REQUIREMENT →
Give back, word for word, only the lines from the opening of the records through the one with "نغلق أطراف ورق العنب و نضع ورق أخر فوق السطح". Pictures stay out.

(Dataset records)
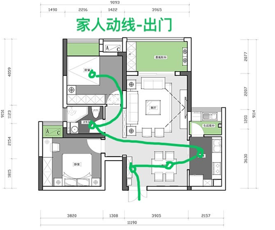 我们这里的家人动线主要是包括起床、洗漱、梳妆、吃早餐到出门这一部分。
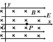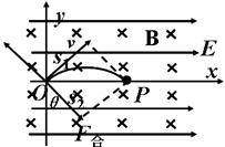 例2. 07南京检测15如图所示,坐标系xOy位于竖直平面内,在该区域内有场强E=12N/C、方向沿x轴正方向的匀强电场和磁感应强度大小为B=2T、沿水平方向且垂直于xOy平面指向纸里的匀强磁场.一个质量m=4×10-5kg,电量q=2.5×10-5C带正电的微粒,在xOy平面内做匀速直线运动,运动到原点O时,撤去磁场,经一段时间后,带电微粒运动到了x轴上的P点.取g=10 m/s2,求:
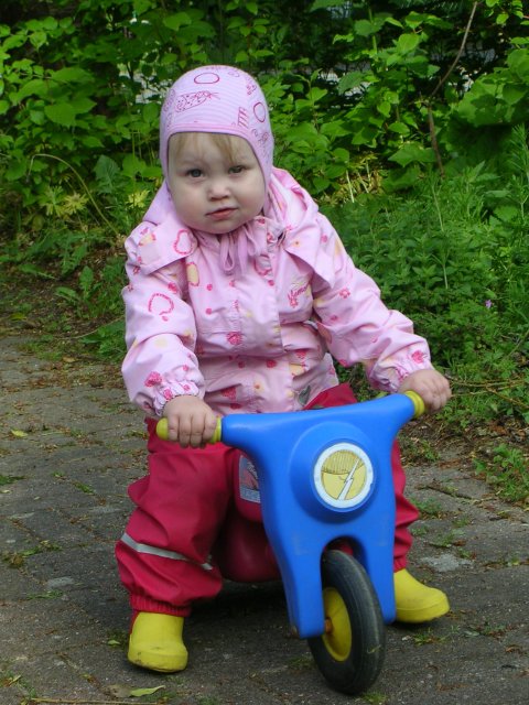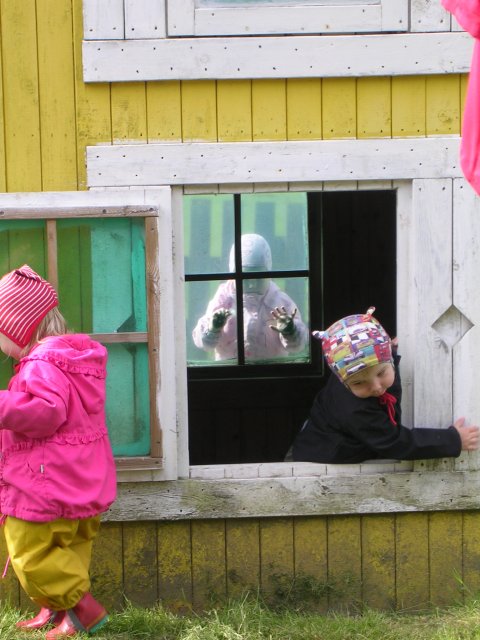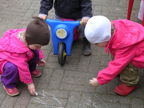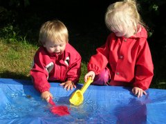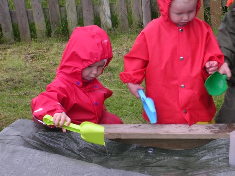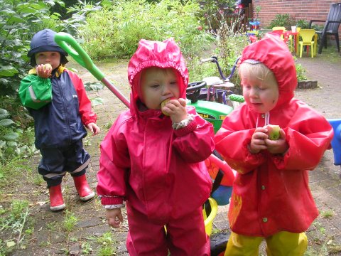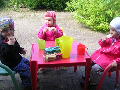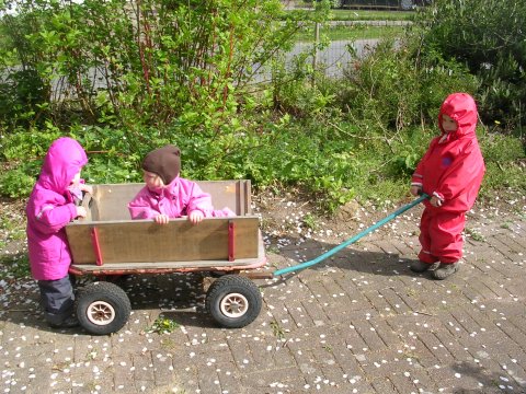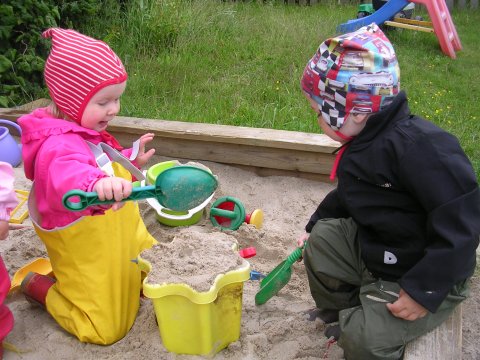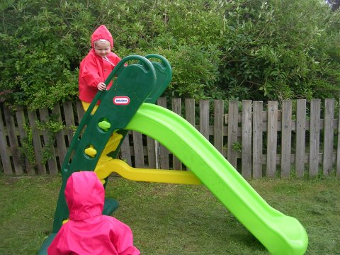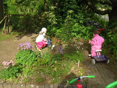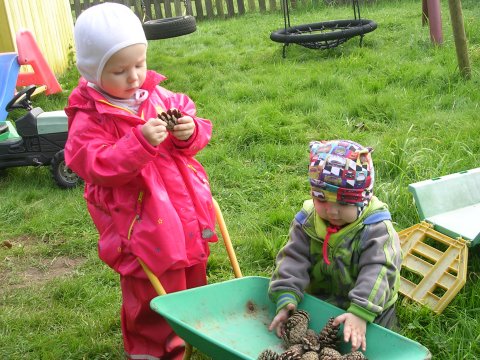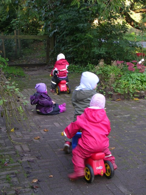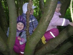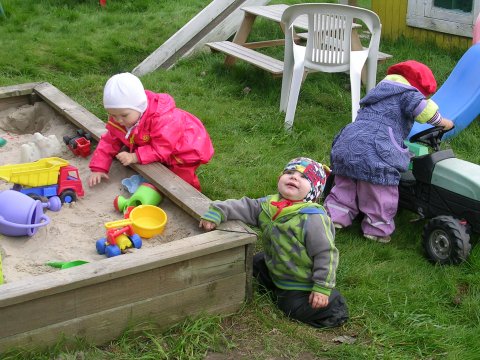 Vi har indrettet en indhegnet legeplads på 150 m2 til pasningsordningen, men jeg bruger hele haven, så børnene kan blive udfordret motorisk ved at klatre i træer, krybe under buske og kravle på bakker.
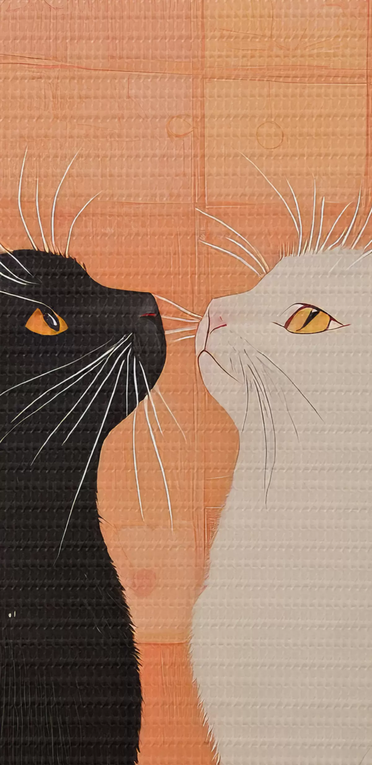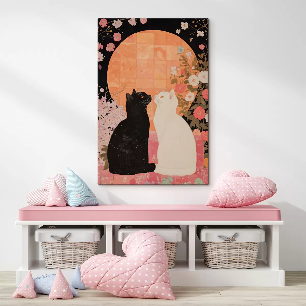 Tableau Chat noir et chat blanc se regardant mutuellement au coucher du soleil s40669
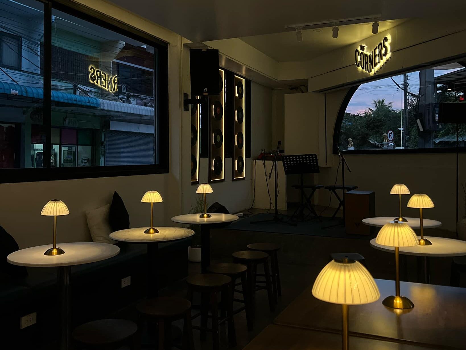 The corners ป็นสถานที่พบปะพูดคุยสังสรรค์กับเพื่อน หรือปาร์ตี้ พบช่วงเวลาดีๆบรรยากาศอบอุ่น เป็นอาหารจานเดียว และมีดนตรีสดให้ฟังทุกวัน
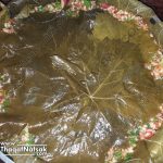 نغلق أطراف ورق العنب و نضع ورق أخر فوق السطح
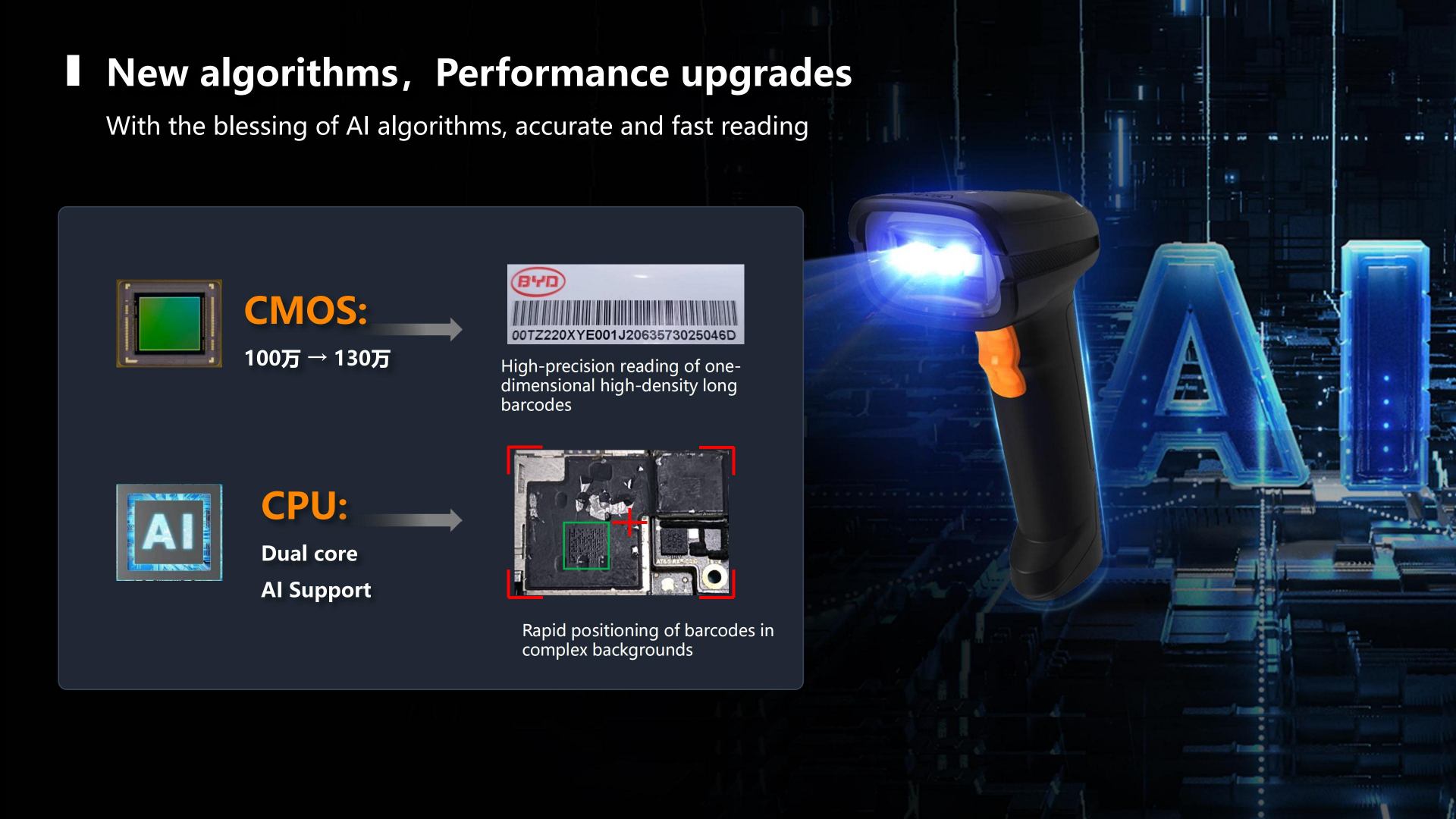 2. Двухъядерный процессор с высокой скоростью обработки и поддержкой искусственного интеллекта. Процессор значительно усовершенствован по сравнению с одноядерным предшественником и стал двухъядерным. Благодаря возможности декодирования 1,3 млн бит, он может считывать длинные одномерные штрихкоды высокой плотности. Благодаря поддержке искусственного интеллекта, обученного на более чем сотнях тысяч штрихкодов, он может быстро захватывать штрихкоды и точно их декодировать.
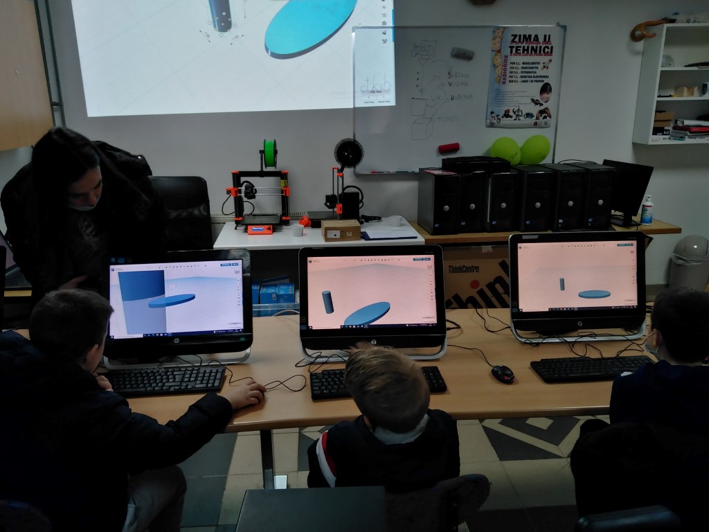 Zadnji dan "14. Zime u tehnici" predviđen je za dvije radionice, pa smo tako podijelili i polaznike. U radionici 3D modeliranja i printanja sudjelovalo je 9 polaznika. Za ovu radionicu imali smo pomoć iz ZTK OBŽ. Njihovi predavači Ida Đurkić i Hrvoje Kerata naučili su male tehničare modelirati u 123D Design programskom okruženju koje je odabrano zbog jednostavnosti korištenja, licence otvorenoga koda i sličnosti sa ostalim profesionalnim programima istoga proizvođača kao što su AutoCAD, 3DS max, Maya ili Fusion 360.

SOLUTION TO THIS TASK →
 我们这里的家人动线主要是包括起床、洗漱、梳妆、吃早餐到出门这一部分。
 例2. 07南京检测15如图所示,坐标系xOy位于竖直平面内,在该区域内有场强E=12N/C、方向沿x轴正方向的匀强电场和磁感应强度大小为B=2T、沿水平方向且垂直于xOy平面指向纸里的匀强磁场.一个质量m=4×10-5kg,电量q=2.5×10-5C带正电的微粒,在xOy平面内做匀速直线运动,运动到原点O时,撤去磁场,经一段时间后,带电微粒运动到了x轴上的P点.取g=10 m/s2,求:
 Vi har indrettet en indhegnet legeplads på 150 m2 til pasningsordningen, men jeg bruger hele haven, så børnene kan blive udfordret motorisk ved at klatre i træer, krybe under buske og kravle på bakker.
 Tableau Chat noir et chat blanc se regardant mutuellement au coucher du soleil s40669
 The corners ป็นสถานที่พบปะพูดคุยสังสรรค์กับเพื่อน หรือปาร์ตี้ พบช่วงเวลาดีๆบรรยากาศอบอุ่น เป็นอาหารจานเดียว และมีดนตรีสดให้ฟังทุกวัน
 نغلق أطراف ورق العنب و نضع ورق أخر فوق السطح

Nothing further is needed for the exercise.